Ce souvenir lui revint tout à coup.

— Peste ! dit-il, c’est une bonne étourderie !

Il ne resta pas longtemps soucieux, n’en ayant pas l’habitude, plus que de réfléchir.

Je m’ouvrirai de tout à Moreno. Il a conspiré, il sait ce que c’est. Au lieu de me gêner, il m’aidera.

Quand il entra dans la salle où l’Espagnol dormait sur un lit de cuir, il le réveilla sans cérémonie.

— Compliment ; lui dit-il, qui est-ce qui t’a vendu cette couche magnifique, que je ne te connaissais pas ?

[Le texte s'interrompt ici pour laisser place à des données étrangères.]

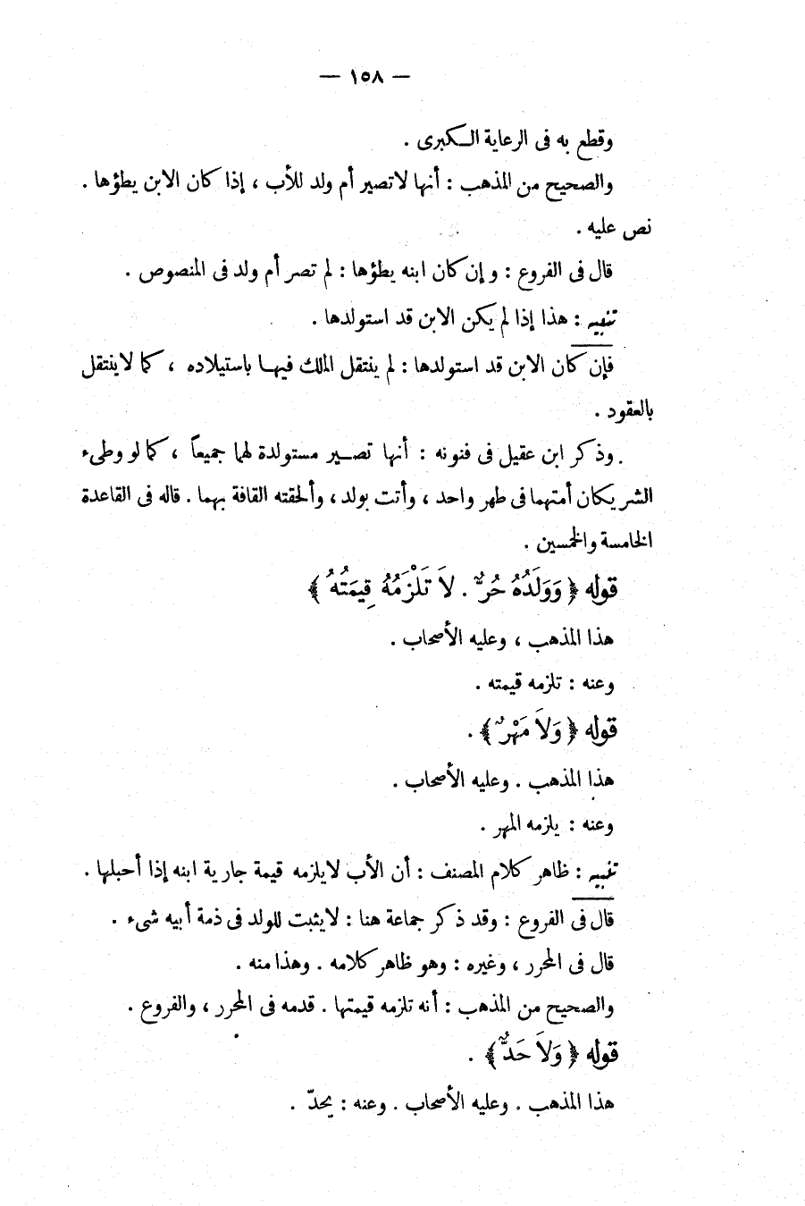 تَنْبِيهٌ: ظَاهِرُ كَلَامِ الْمُصَنِّفِ: أَنَّ الْأَبَ لَا يَلْزَمُهُ قِيمَةُ جَارِيَةِ ابْنِهِ إذَا أَحْبَلَهَا. قَالَ فِي الْفُرُوعِ: وَقَدْ ذَكَرَ جَمَاعَةٌ هُنَا: لَا يَثْبُتُ لِلْوَلَدِ فِي ذِمَّةِ أَبِيهِ شَيْءٌ. قَالَ فِي الْمُحَرَّرِ، وَغَيْرِهِ: وَهُوَ ظَاهِرُ كَلَامِهِ. وَهَذَا مِنْهُ. وَالصَّحِيحُ مِنْ الْمَذْهَبِ: أَنَّهُ تَلْزَمُهُ قِيمَتُهَا. قَدَّمَهُ فِي الْمُحَرَّرِ، وَالْفُرُوعِ. قَوْلُهُ (وَلَا حَدٌّ) . هَذَا الْمَذْهَبُ. وَعَلَيْهِ الْأَصْحَابُ. وَعَنْهُ: يُحَدُّ.
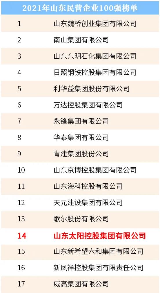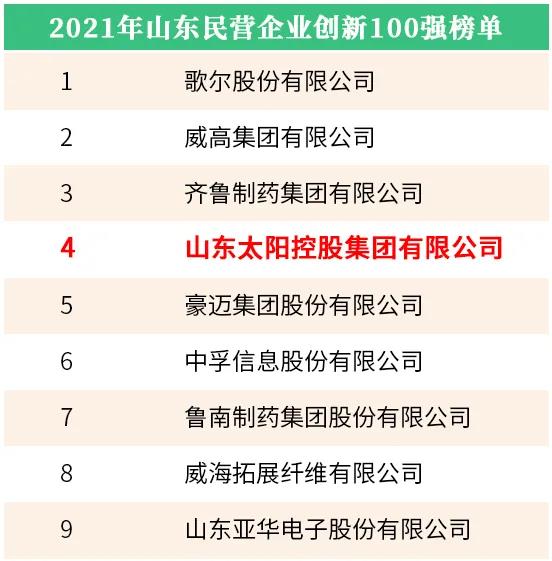 8月27日,山東省工商聯(lián)十三屆八次常委會議暨2021年山東民營企業(yè)100強(qiáng)發(fā)布會在濟(jì)南市山東大廈齊魯廳召開。山東太陽控股集團(tuán)有限公司(以下簡稱:太陽控股)蟬聯(lián)山東民營企業(yè)100強(qiáng),位列第14位。同時(shí),太陽控股入選山東民營企業(yè)創(chuàng)新100強(qiáng),位列第4位,彰顯了企業(yè)在科研創(chuàng)新上的強(qiáng)大實(shí)力。
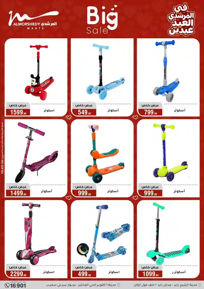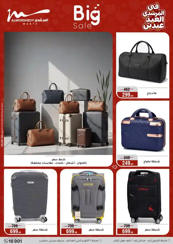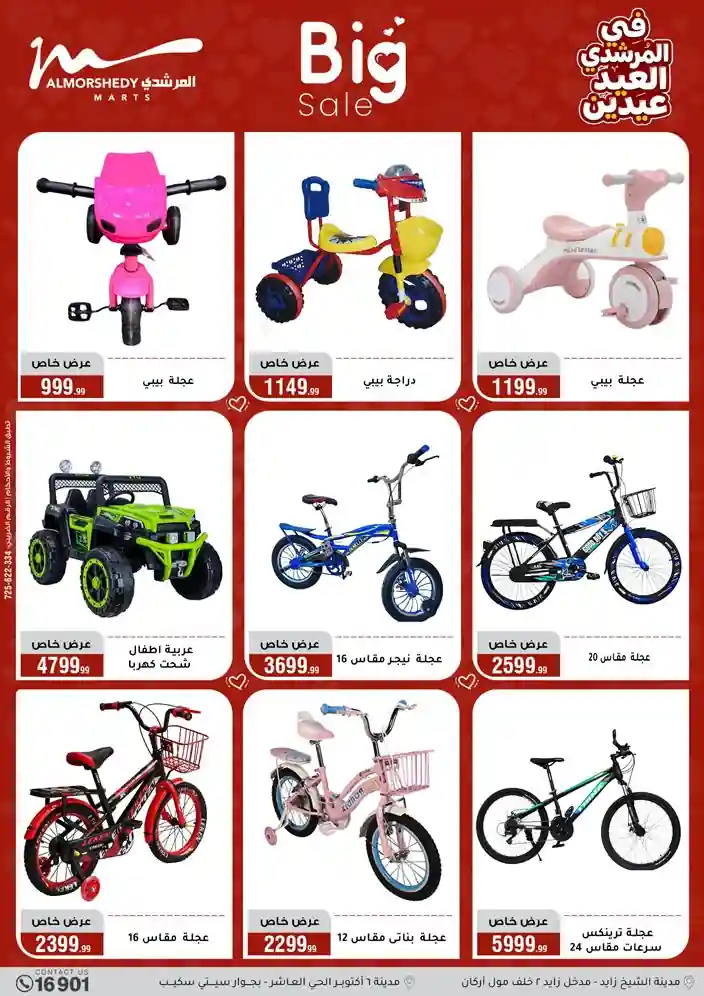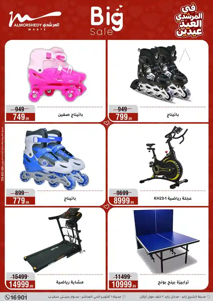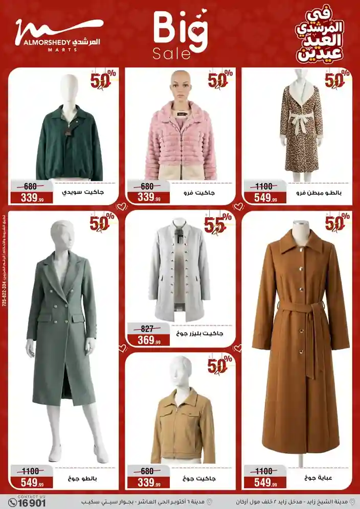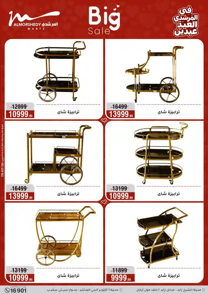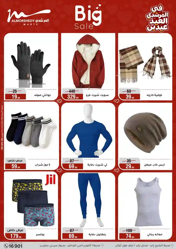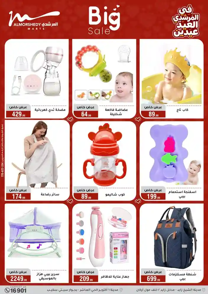عروض جديدة من أسواق المرشدي مع اكبر مهرجان للتخفيضات في مصر خصومات حتى 70% وقسط براحتك بدون فوائد بأسعار العروض المخفضة على 12 شهر لحاملي بطاقة ائتمان CIB أو قسط براحتك مع VALU بدون مقدم حتى 60 شهر أو بدون مقدم وبدون فوائد مع نظام هاتريك وكمان النقل مجاني للقاهرة والجيزة والقليوبية على قسم الأجهزة الكهربائية والموبيليا والمراتب ( تطبق شروط المكان ) خصومات على جميع الأقسام أدوات منزلية – اجهزة كهربائية – مفروشات – موبيليا – نجف – سجاد – مراتب – ملابس رجالي وحريمي وأطفالي ومستلزمات ولعب الأطفال وجاليري وأقسام تانية كتير استمتع بالتسوق في أسواق المرشدي مع أكتر من 12 قسم و أكثر من 10,000 منتج يعني كل اللي بتحلم بيه عند المرشدي هتلاقيه
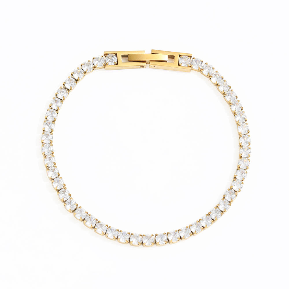 •  Stainless steel goudkleurige armband met Zirconia steentjes (17 cm) T.w.v. € 15,95
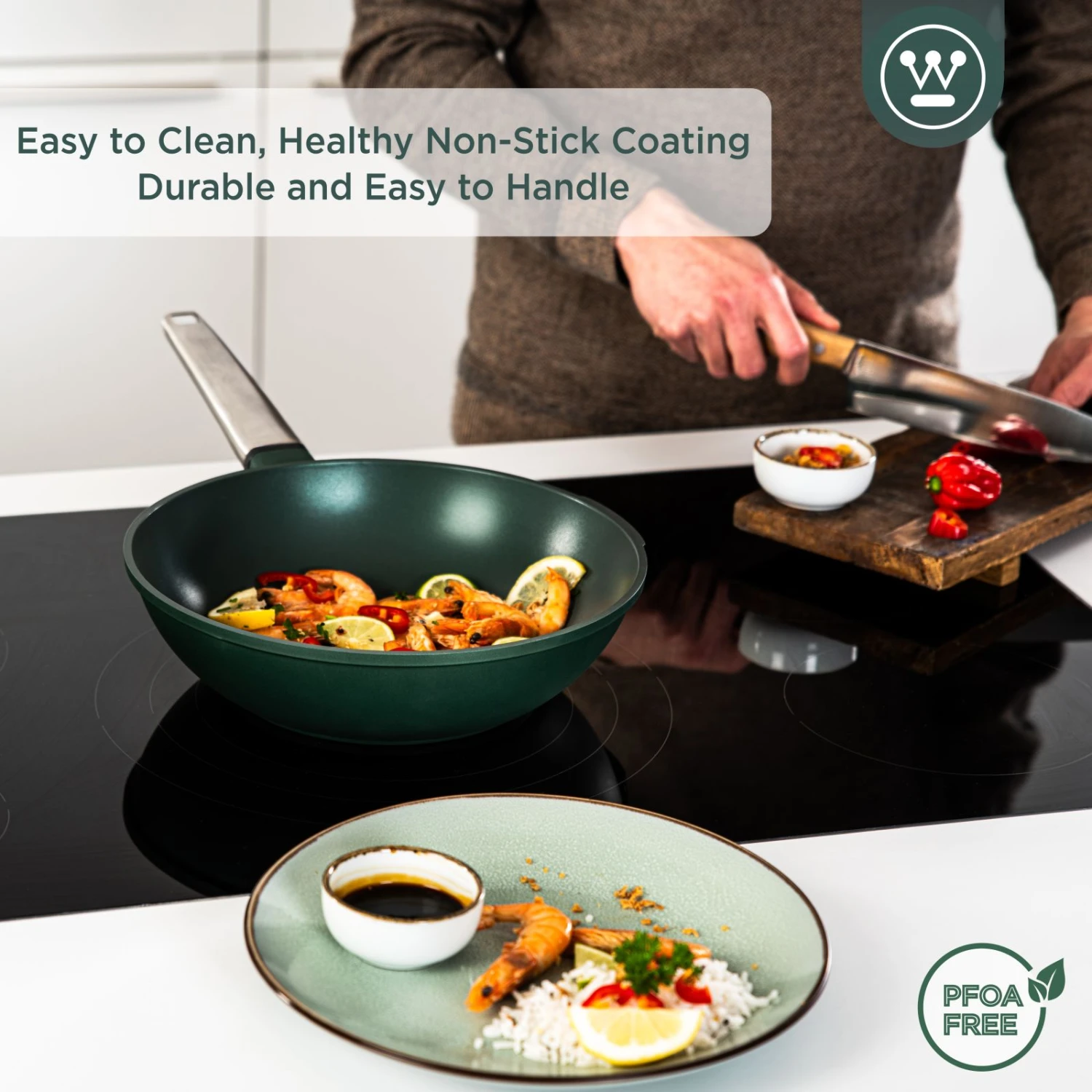 Koken en bakken moet niet alleen leuk en smakelijk zijn, het moet ook veilig gebeuren. De pannen van Westinghouse zijn van hoogwaardige kwaliteit. Deze pannen van de Westinghouse Performance collectie zijn lichtgewicht, hebben een uitstekende warmtegeleiding, bevatten een antiaanbaklaag die PFOA- en PTFE-vrij is en zijn makkelijk schoon te maken in de vaatwasser.
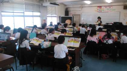 7月17日(水)4年生の音楽の授業風景です。プール水泳の後の授業で更衣や移動が大変ですが、授業が始まると楽しく歌えていました。
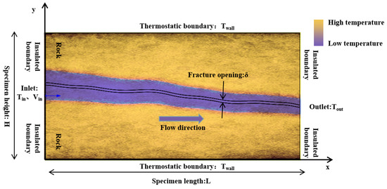 In this study, the finite element software FLUENT 2020 was used to solve the control equation, considering that the HDR had extremely low permeability and assuming that the rock mass was impervious and the fluid incompressible. Figure 1 is a schematic diagram of the seepage and heat transfer process of rough fractures, which conceptually represents the heat transfer process of fluid through rough fractures. The fluid flows and transfers heat at the initial velocity (m/s) and initial temperature (K) from the inlet along the fracture surface with an aperture of (m) and flows out from the outlet at temperature (K); the upper and lower walls are the thermostatic boundaries with a temperature of (K) and the left and right walls are insulated walls. The heat transfer process between multiphase fluids and rock mass follows continuity Equations (2) and (3) and N-S Equation (4).
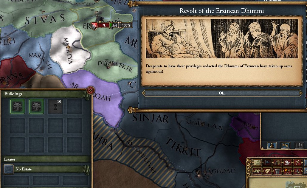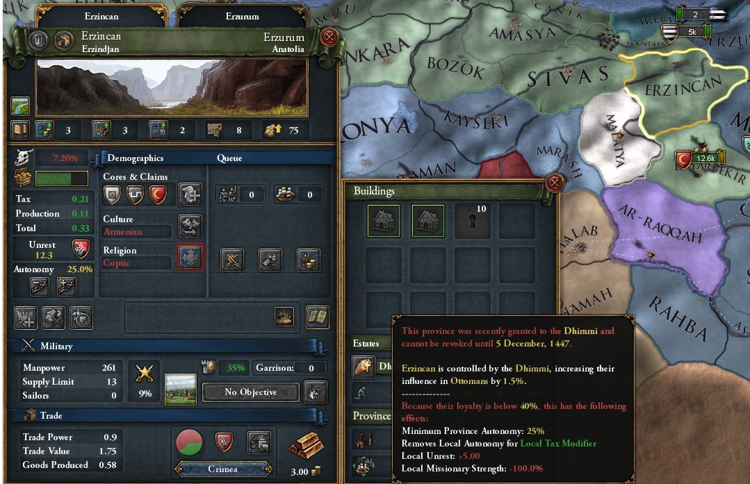 ・Ottoman government 政体の喪失……ハレム制度による君主の質の保証を失い、それに伴い強力なイェニチェリ補正を受け続けるためには後継者ガチャ※が必要になる。また、月あたり自治度減少 (monthly autonomy change) が -0.5 → -0.025 となるのも序盤は響く。
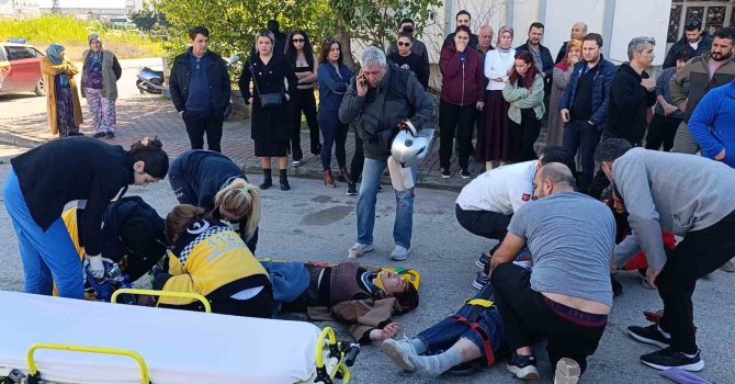 Antalya'da meydana gelen trafik kazasında otomobilin çarptığı motosiklette bulunan 2 genç kız yolun karşı şeridine fırladı. Kazayı duyarak gelen genç kızlardan birisinin babası yerde kanlar içindeki kızını görünce büyük panik yaşarken güçlükle sakinleştirildi.
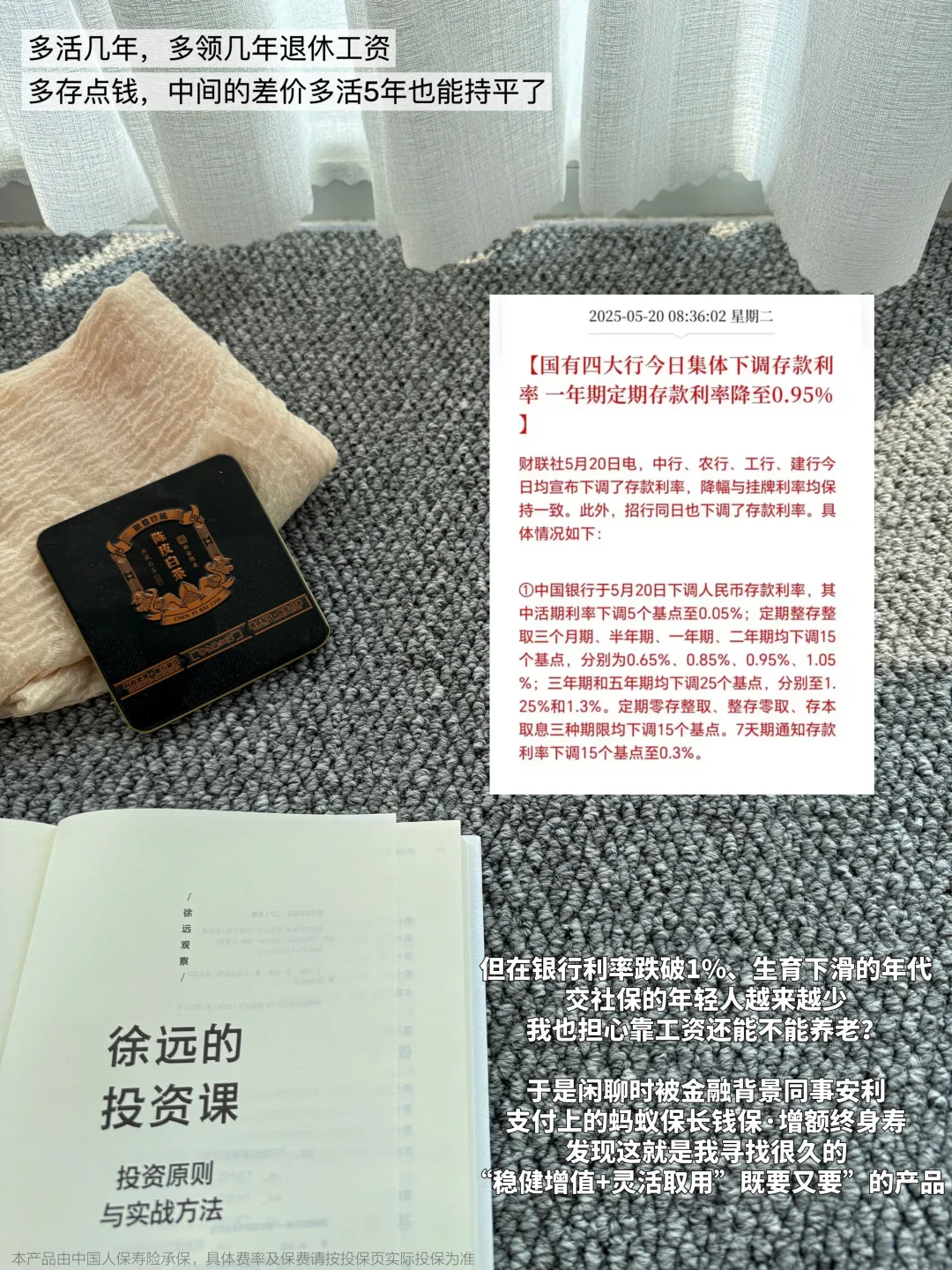 不过8月31日就正式下架。预定利率从2.5%降低到2.0%后,同样30岁投入100w的话,40年内这个0.5%会让我们少收益45w!所以下架前可以去支付宝搜长钱保[清单R]找到蚂蚁保长钱保·增额终身寿规划下。年轻时存下的每一分“慢钱”,都是老了的底气。毕竟体制内最大的红利就是时间带来的复利,越老越吃香。
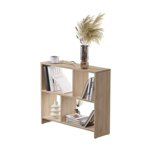 Possui compartimentos projetados para organizar livros, objetos decorativos e outros itens essenciais, mantendo tudo ao alcance das mãos para qualquer ocasião.
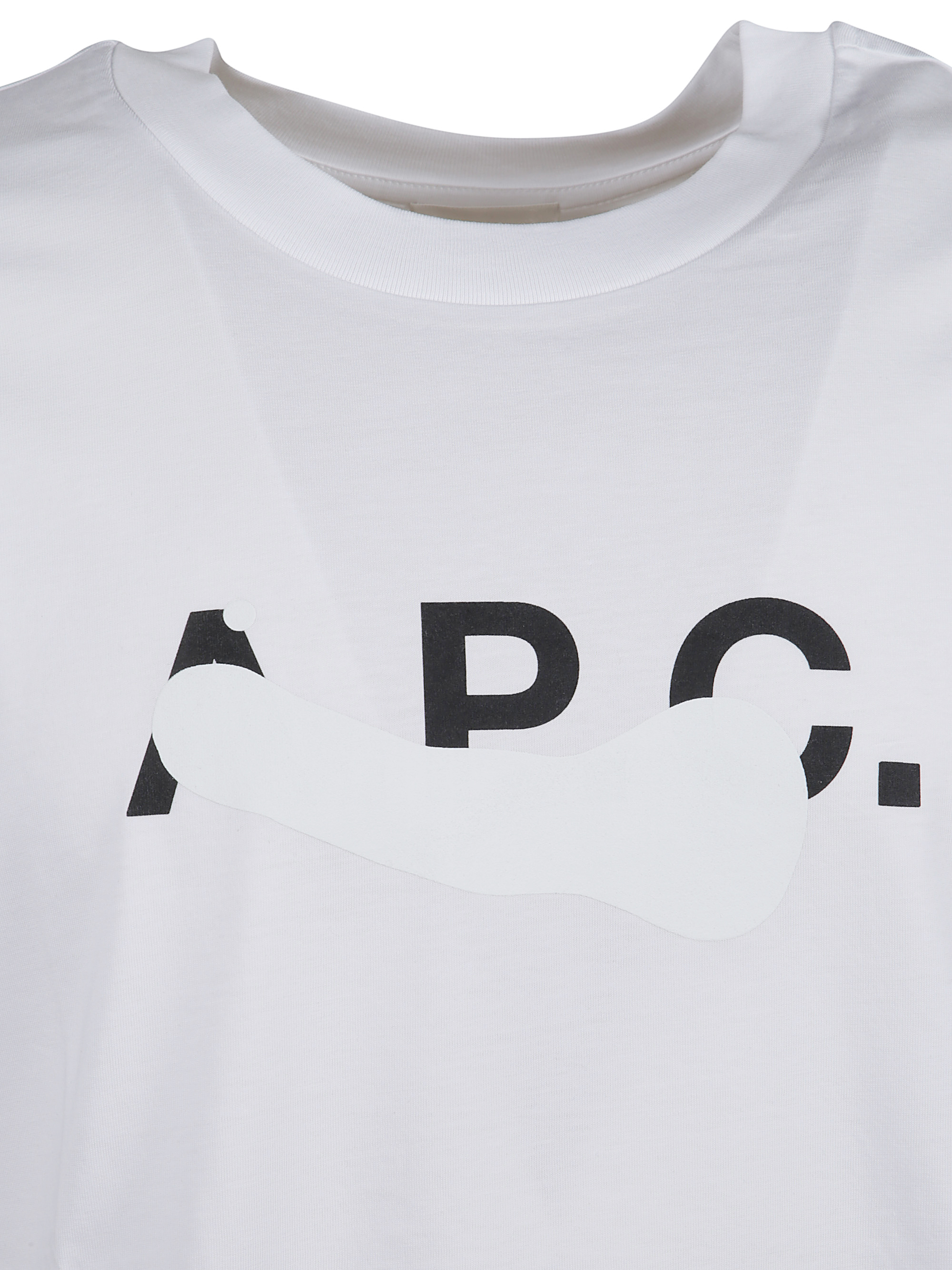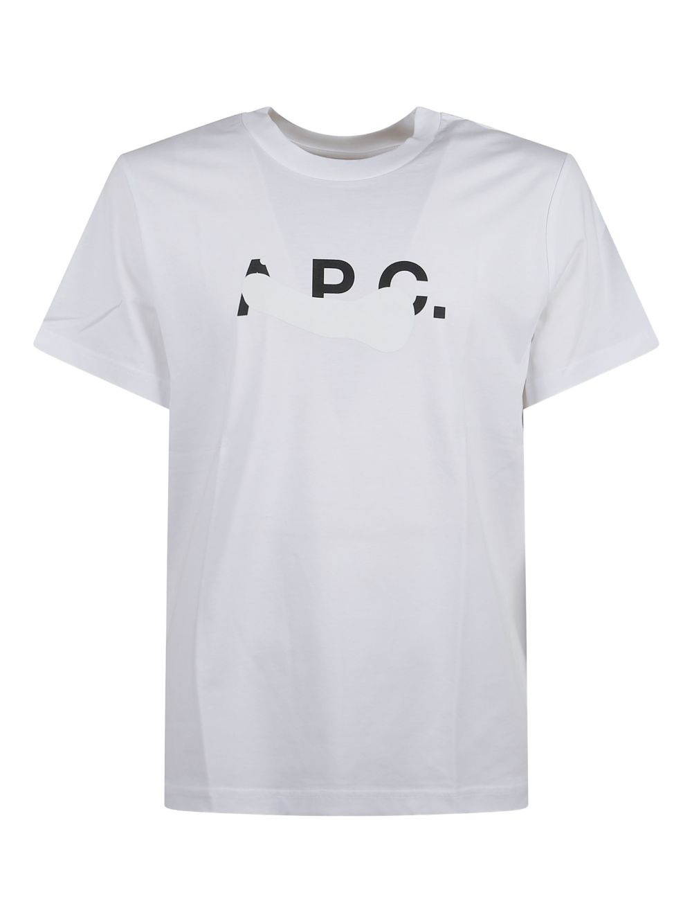 White cotton APC logo T-shirt featuring a logo on the chest, a crew neck and short sleeves.

— Tu me la connais parfaitement. Je l’ai eue à Tiflis par les soins d’un compatriote à moi, et tu devrais te souvenir qu’à cette occasion tu m’as expliqué savamment, à ma grande surprise, que tous les Juifs du Caucase étaient de souche espagnole. Mais j’imagine que tu ne me réveilles pas au petit jour, après un dîner et une soirée comme celle d’hier, pour me faire passer un examen sur les persécutions de Philippe II, par suite desquelles les Hébreux ont fui à Salonique, et de Salonique poussent jusqu’ici des reconnaissances

— Non, pas précisément ; mais pardonne-moi, je suis un peu troublé.